13. “Allah’a ve Resulüne karşı gelenler.” (Mücadele, 58/5)
2. Resulüne karşı gelenler.Allah’a karşı gelenler, Kur’an’daki hükümlere karşı gelenlerdir. Kim ki Kur’an’ın helalini helal, haramını haram kabul etmezse, bu kişi Allah’a karşı gelmiş olur. Peki ayette geçen, Resulüne karşı gelenler kimlerdir? Sakın, “Bunlar da Kur’an’daki hükümlere karşı gelenlerdir.” demeyin. Çünkü bunlar, Kur’an’daki hükümlere karşı gelenler olamaz. Arapça bilmeyenler için bunu izah edelim:
يُحَادُّونَ اللَّهَ وَرَسُولَهُ ayetindeki “vav” harfi, atıf harfidir. Atıf harfi, kendinden sonrasıyla öncesinin farklı olduğunu gösterir. Biz bunu Türkçede de kullanıyoruz. Mesela, Cüneyt ve Vedat geldi desek, Vedat’ın Cüneyt’ten farklı bir şahıs olduğunu anlarız. Vedat farklıdır, Cüneyt farklıdır. Bu farkı ortaya koyan edat da “ve” edatıdır.

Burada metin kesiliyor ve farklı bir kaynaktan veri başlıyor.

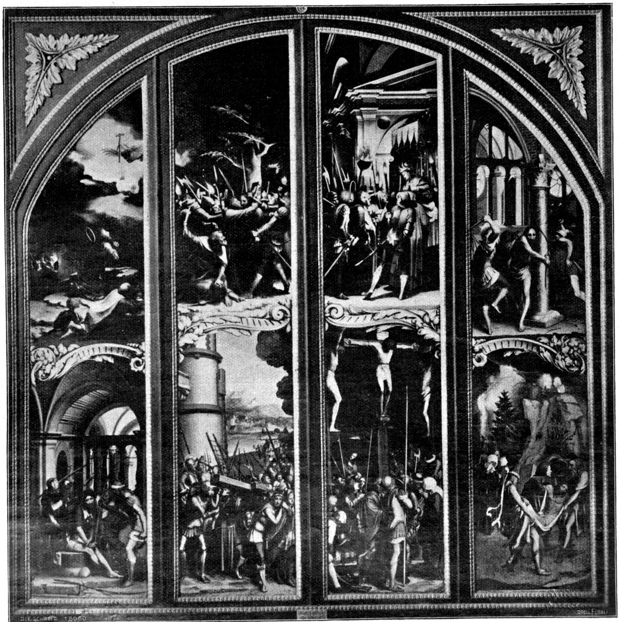
Hans Holbein d. J. Die Passion, Außenseiten der Flügel eines Altars, in der Öffentl. Kunstsammlung zu Basel.

„Tag,“ sagt er, „ich bin schon da; schnell fertig gewesen bin ich diesmal.“ Dann erblickt er die Anna, kommt in die Stube und setzt sich. Wohl oder übel muß auch die Anna noch bleiben. So sitzen die drei beieinander. Allemal, wenn ihnen heiß wird, weil es zu
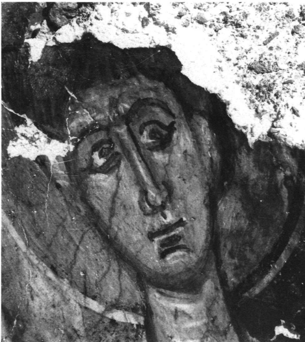
Είκ. 9. 'Ο άγιος Στέφανος, λεπτομέρεια.

ριστικά. 'Ο αρχάγγελος κρατεί μέ τά δύο χέρια κίτρινο ριπίδιο, πού έχει διάκοσμο σέ κερασί χρώμα. 'Ο δεξιός άγγελος (Είκ. 7), τού όποιου δέν σώζεται τό όνομα, προφανώς ό Γαβριήλ, έχει άδρά χαρακτηριστικά, σέ κερασί χρώμα, στιχάρι λευκό μέ κίτρινες γραμμικές σκιές, τραχηλιά καί όράριο κερασί. Στο παχουλό παιδικό πρόσωπό του τά λευκά φώτα λίγες, άραιές, άρκετά πλατιές γραμμές.
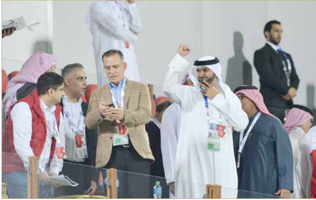
علي بن خليفة يرفع قبضة الانتصار

بكبرياء وشموخ ومن على منصة كبار الشخصيات باسناد نادي الشارقة يرفع الشيخ علي بن خليفة قبضة الانتصار عالية؛ فرحا بفوز منتخبنا الوطني لكرة القدم على الهند 1/0، والتأهل لدور الـ 16 بنهايات كأس آسيا.
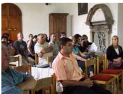
Jednání představitelů členských obcí svazku
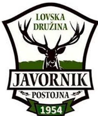
Slika 8: Lovska družina Javorniki Postojna

Poleg plesa Postojnčane navdušuje tudi glasba. Imajo tako glasbeno šolo kot tudi nekaj glasbenih društev, Glasbeno društvo Viola in Glasbeno društvo Lajna in prijatelji.
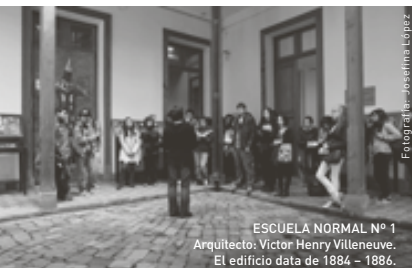
Fotografía: Josefina López

Aynen bunun gibi, يُحَادُّونَ اللَّهَ وَرَسُولَهُ Allah’a karşı gelenler ve Resulüne karşı gelenler dediğimizde, Resulüne karşı gelenlerin, Allah’a karşı gelenlerden farklı olduğunu anlarız. Eğer ikisi aynı olsaydı, arada “vav” atıf harfi kullanılmaz ve sadece “Allah’a karşı gelenler.” denilirdi. Halbuki böyle denilmemiş. Peki ne denilmiş: Allah’a karşı gelenler ve Resulüne karşı gelenler denilmiş.
Bütün bu izahlardan sonra sorumuz şu:
Allah’a karşı gelmek, Allah’ın kitabının hükümlerine karşı gelmektir. Karşı gelmenin manası, itaat etmemektir. Yoksa burada fiziki bir karşı gelme değildir. Kim Kur’an’ın hükmüne itaat etmezse, Allah’a karşı gelmiş olur.
Peki, Resulüne karşı gelmek, nedir? Aklınıza, Peygamberimiz (asm)’in, hadis-i şerifleriyle bildirdiği hükümlere karşı gelmekten başka bir mana geliyor mu? Herhalde gelmiyordur.
İslam’ın hükümlerini bizler, Kur’an’dan ve Peygamberimizin hadislerinden öğreniyoruz. Kur’an’ın hükümlerini kabul etmeyenler, Allah’a karşı gelmiş olur. Peygamberimizin bildirdiği hükümleri kabul etmeyen de Resulüne karşı gelmiş olur.
Demek birisi, sadece Allah’ın haram kıldıklarını, yani Kur’an’daki haramları kabul etse, bu yeterli değildir. Resulullah (asm)’ın emir ve yasaklarını da kabul etmelidir. Kabul etmezse, ayetin ifadesiyle, Resulüne karşı gelmiş olur.
Bu izahlardan sonra, şimdi hadis inkarcılarına bir çift sözümüz var:
Hadis inkarcılarına diyoruz ki, siz: “Biz Kur’an’a uyarız. Kur’an bize yeter.” diyorsunuz. Peki, Mücadele suresinin 5. ayetine niçin uymuyorsunuz? Bu ayeti kerime, Peygamberimiz (asm)’e karşı gelmemizi, yani onun sözü üzerine söz söylememizi, onun hükmü üzerine başka bir hüküm vermemizi ve onun sünnetine muhalefet etmemizi yasaklıyor. Siz ise bu yasağı hiç umursamayıp, hadisleri ve sünneti inkar ediyorsunuz. Hadisleri ve sünneti inkar etmeniz, Peygamberimiz (asm)’e karşı gelmek değil midir?.. Ve bakın, ayet-i kerime sizin akıbetinizi haber veriyor: Peygambere karşı gelenler helak edilecek, rezil edilecek! Siz helak olmaktan ve rezil edilmekten hiç korkmuyor musunuz?
Sevgili kardeşlerim, bu dersimizi burada noktalayalım. Bir sonraki dersimizde, hadis inkarcılarının çiğnedikleri On üçüncü ayeti göstereceğiz. Bir sonraki derste buluşuncaya kadar Allah’a emanet olunuz.